Introduces two types of quantum microwave photonic mixers with nonlocal RF encoding, achieving higher SFDR and dual-channel output, surpassing classical mixers in performance.

Findings

Parallel-type mixer achieves 113.6 dB·Hz^{1/2} SFDR, 30 dB better than cascade-type.

Quantum mixers outperform classical ones by up to 53.6 dB SFDR.
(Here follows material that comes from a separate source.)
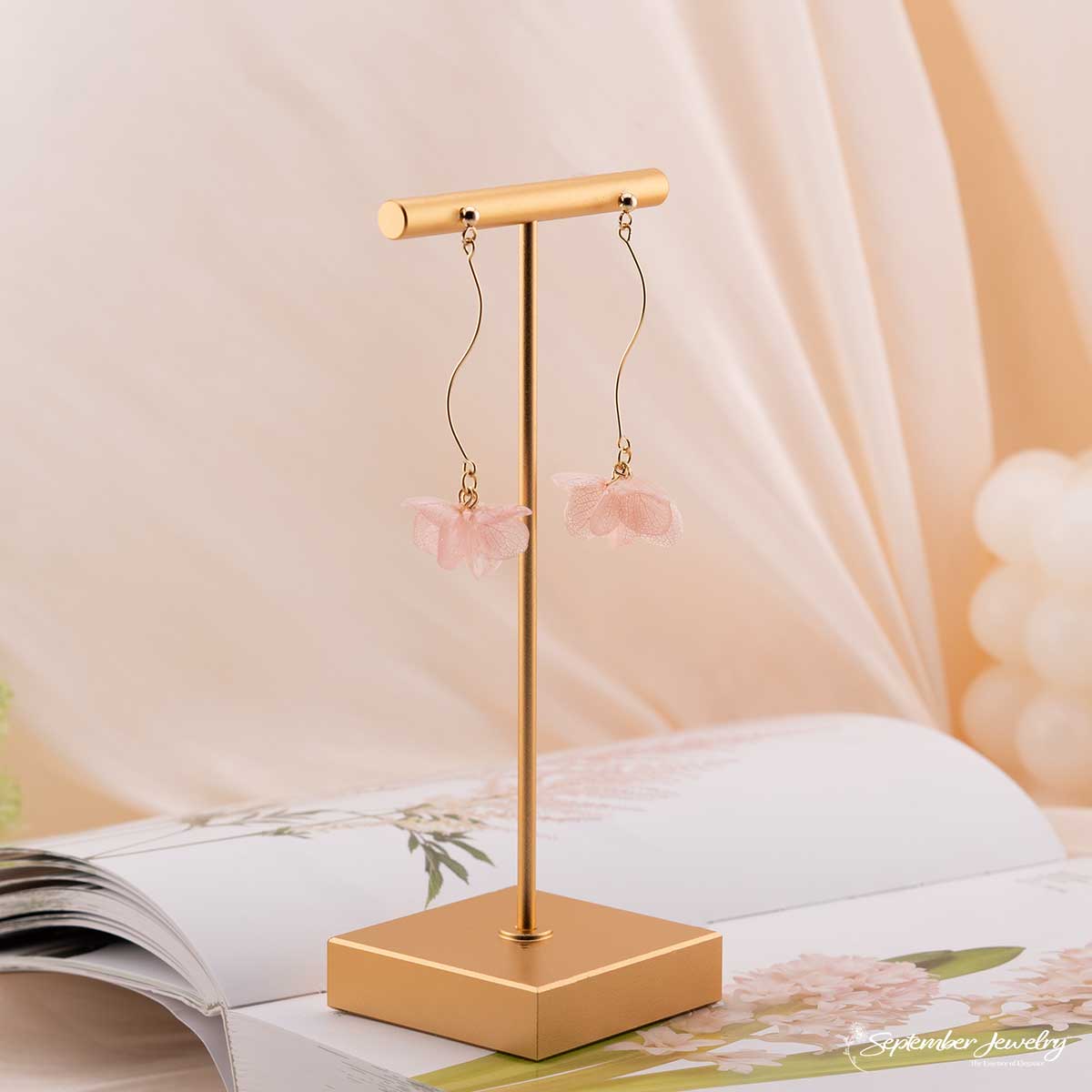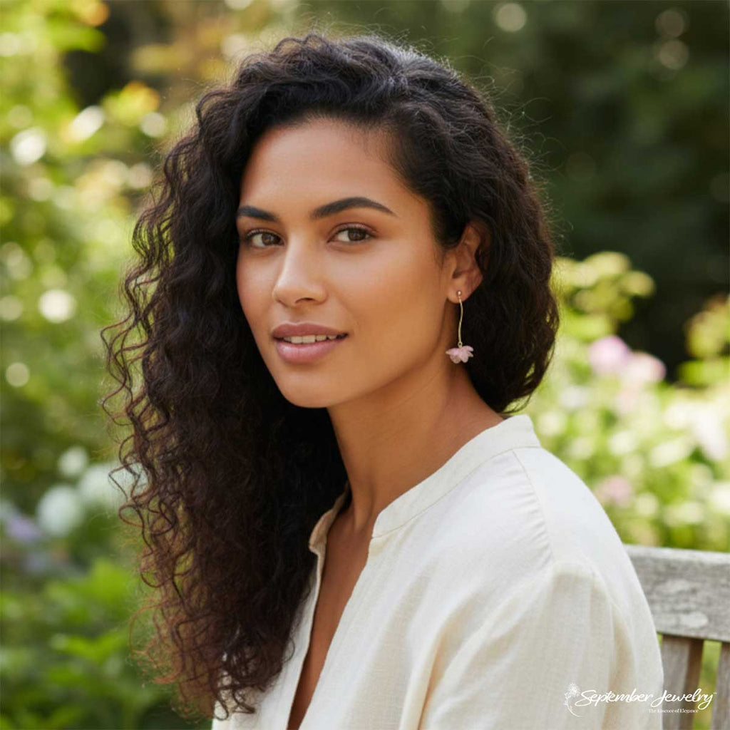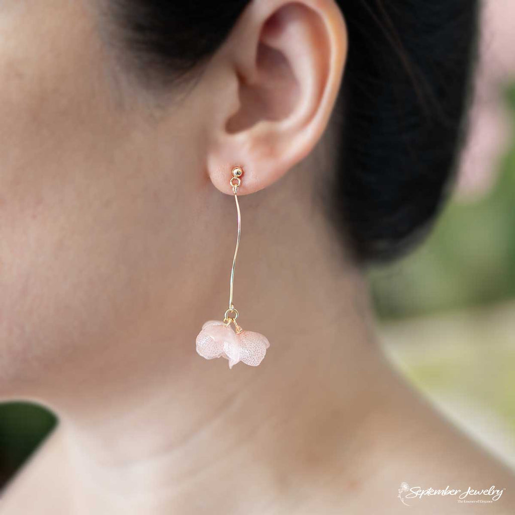 These earrings merge fluid wire artistry with the soft elegance of preserved blooms. The S-curve design adds a sense of motion, reflecting the gentle fall of petals in a spring breeze. Perfect for those who appreciate refined craftsmanship and naturally romantic style.

Multi-photon entangled sources extend dual-channel microwave frequency conversion capabilities.

Abstract

As one of the most fundamental functionalities of microwave photonics, microwave frequency mixing plays an essential role in modern radars and wireless communication systems. However, the commonly utilized intensity modulation in the systems often leads to inadequate spurious-free dynamic range (SFDR) for many sought-after applications. Quantum microwave photonics technique offers a promising solution for improving SFDR in terms of higher-order harmonic distortion. In this paper, we demonstrate two types of quantum microwave photonic mixers based on the configuration of the intensity modulators: cascade-type and parallel-type. Leveraging the nonlocal RF signal encoding capability, both types of quantum microwave photonic mixers not only exhibit the advantage of dual-channel output but also present significant improvement in SFDR. Specifically, the parallel-type quantum microwave photonic mixer achieves a remarkable SFDR value of 113.6 dB.Hz1/2, which is 30 dB better than that of the cascade-type quantum microwave photonic mixer. When compared to the classical microwave photonic mixer, this enhancement reaches a notable 53.6 dB at the expense of 8 dB conversion loss. These results highlight the superiority of quantum microwave photonic mixers in the fields of microwave and millimeter-wave systems. Further applying multi-photon frequency entangled sources as optical carriers, the dual-channel microwave frequency conversion capability endowed by the quantum microwave photonic mixer can be extended to enhance the performance of multiple-paths microwave mixing which is essential for radar net systems.